Friday, July 24, 2009

Congress & Econ 101: Fail

[Welcome Industry Radar readers!]
What is it about Congresscritters that completely blinds them to simple economics? Take the current "health care debate:" one of the arguments against the Public Option is that it will encourage employers to drop their current group plans, leaving their employees to fend for themselves via the PO. The counterargument is that, by doing so, these employers will face a large fine - an additional 8% payroll tax.
The counter-counter-argument is that employers will gladly pay this fine, if it means they can successfully rein in their total expenses by dropping their current coverage.
Both of these schools of thought flunk:
No employer will ever pay the fine.
That's so important that it bears repeating:
No employer will ever pay that fine.
But Henry, you may argue, of course they'll pay it if they drop their group policy. It'll be the law!

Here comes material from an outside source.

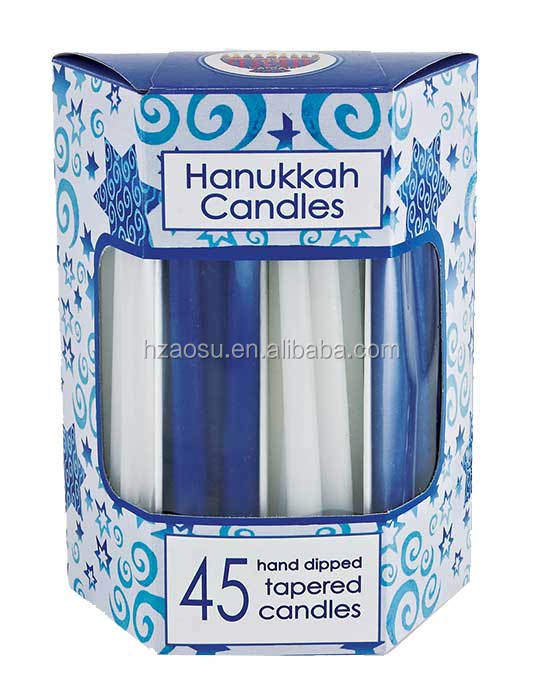 | Product name: | Hanukkah Candles Tapered Multi Tri-Colored Hand Decorated Candles; | Packing: | Paper Box; |
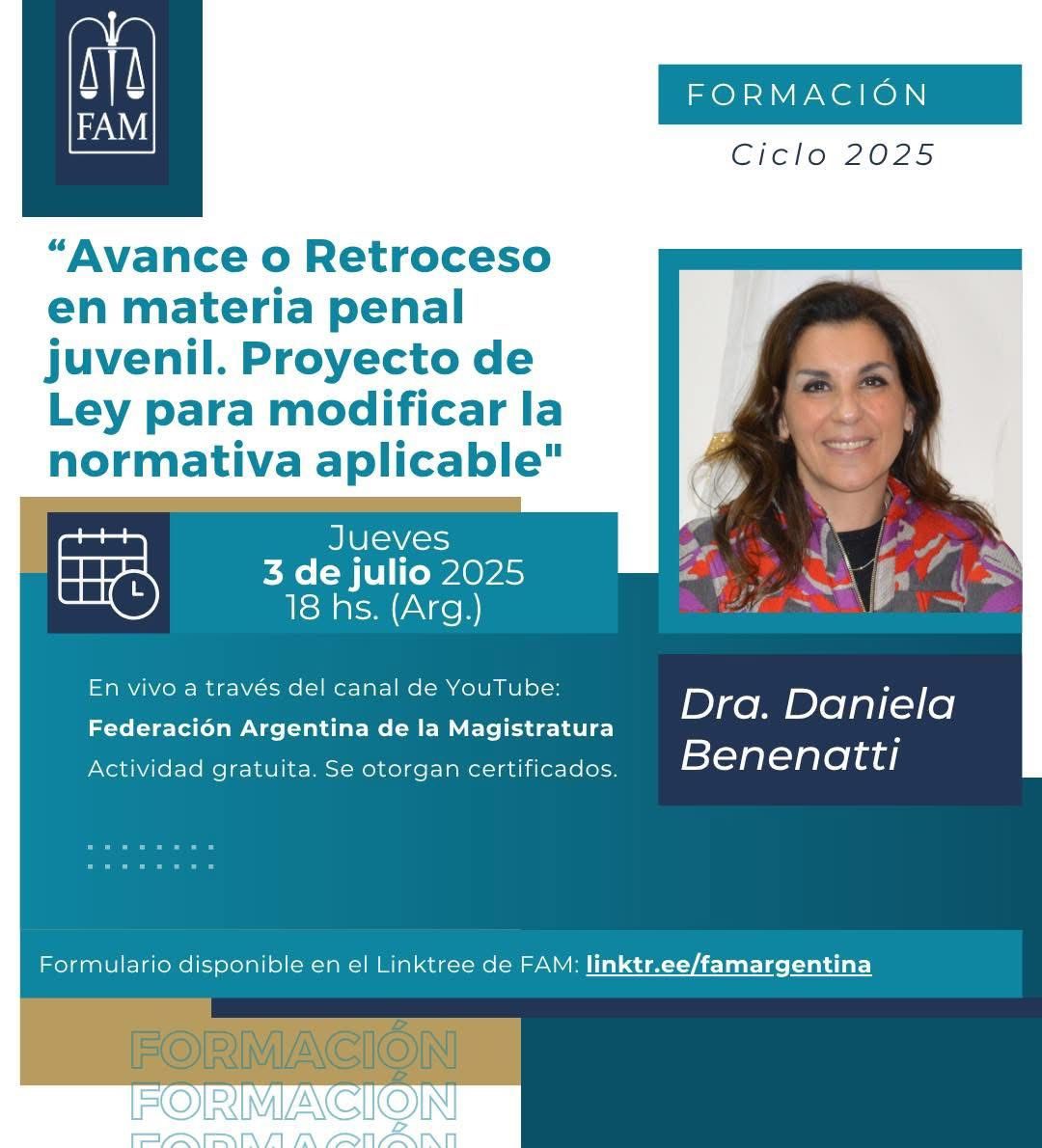 Hoy Nuevo encuentro de FORMACIÓN FAM🧑🏻💻 “Avance o Retroceso en materia penal juvenil. Proyecto de Ley para modificar la normativa aplicable” 🗓️ Jueves 3 de julio de 2025 🕕 18…

To which I'd reply: So what?
Employers won't pay that fine any more than they pay for the group coverage in the first place. It is a cost of doing business that comes out of the employee's gross wages. Employers don't pay any of those costs, either. They are simply deducted from the employees' wages when calculating the total cost of employment.
Likewise, these "fines" will be passed along to employees (in the form of lower wages) and consumers (in the form of higher costs).
Why is that so difficult to understand?